Pointing to the need to manage changing types of data being channeled into the data center, Yoshida said data volume, in general, is increasing at 66 percent CAGR (compound annual growth rate).

He noted it is more efficient to identify the various types of data being stored than to buy cheap boxes to store these data. "Buying more hardware simply adds to operational costs and datacenter sprawl but does not address the challenge of efficiently using available resources," said Yoshida.

For instance, he explained that "primary data", which is rising at 32 percent each year, is currently over-provisioned and the unused storage space is left unclaimed. This over-provisioning is compounded when copies of the primary data are created and the same amount of unused storage space is replicated. This creates a multiplier effect of increasing unused storage space, he said.

Having better insight to the types of data would allow IT administrators to recognize which data belongs in "tier 1" of the company's storage space, while less important information such as "unstructured and replicated" content can either be channeled to "tier 2 or 3" storage boxes or archived in the backend to free up storage space, he noted.
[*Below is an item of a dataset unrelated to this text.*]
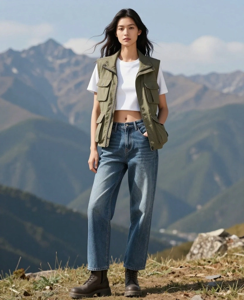 Pair your vest with a simple crop top or long-sleeve shirt and straight-leg jeans for a well-balanced look. This style nods to urban aesthetics, making you feel chic while enjoying nature.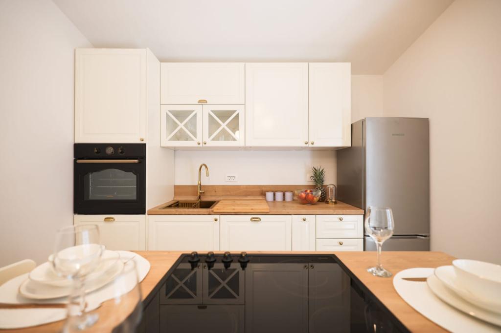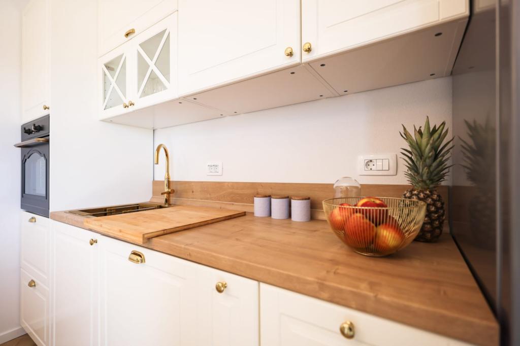 Ten klimatyzowany apartament z prywatnym wejściem obejmuje 1 salon, 1 oddzielną sypialnię i 1 łazienkę z kabiną prysznicową i suszarką do włosów. W dobrze wyposażonej kuchni Goście znajdą płytę kuchenną, lodówkę, zmywarkę i przybory kuchenne. W apartamencie znajduje się również grill. Ten apartament dysponuje balkonem z widokiem na ogród i wyposażony jest w pralkę oraz telewizor z płaskim ekranem. W jednostce znajdują się 2 łóżka.

Yoshida also described a "perfect storm" of factors brewing in the server world, all of which affect the storage market in which the company plays. He outlined three factors responsible for the "storm": more powerful and efficient Intel architectures such as "multicores, simultaneous multi-threading and level three cache", the introduction of hypervisors that allow multiple virtual machines to operate in one file system and which result in I/Os having to scale rapidly, and the increased bandwidth between servers and storage to handle the data explosion.

As a result, storage vendors such as HDS will need to offer the ability to dynamically provision and support these changes in the server space, he said.

However, he noted that its competitors are looking to "scale out" rather than "scale up" to deal with the increase data coming through the data center and changes in the server space.

Scaling out, he said, mean modular and cheap storage boxes are loosely linked by switches that comprise two controller nodes, making scaling up rapidly a problem. Even if one node is 90 percent utilized but the other node is only at 10 percent, it is not possible to balance out the workload between the nodes in these switches, he noted.

HDS is looking to solve the problem by scaling up, which entails "throwing in more cache, processors and disks" and tightly coupling these with a global cache system.

Yoshida explained: "What we are trying to do is create a virtual pool of resources that are easily accessible and can dynamically provision for today's datacenter environment." He added that users of such a system can still scale out by partitioning needed resources from the centralized pool.

Lack of time, awareness a problem
According to the CTO, it is not enough for IT administrators to understand these datacenter trends. "The financial people also need to understand 'storage economics' so that they don't just throw money at the problem," he said, adding that buying more hardware is only a short-term measure.

IT managers should also be freed up from the "backend grunt work" in order to be equipped with the skills needed to transform the data center as well as having the time to plan and better manage their projects, Yoshida said.

"This lack of time for IT professionals to be equipped is a vicious cycle as virtualization of the data center will still fail if they do not know how to implement the system in the long run," he cautioned. "I think enterprises are starting to realize they are headed for a train wreck if they don't address this problem."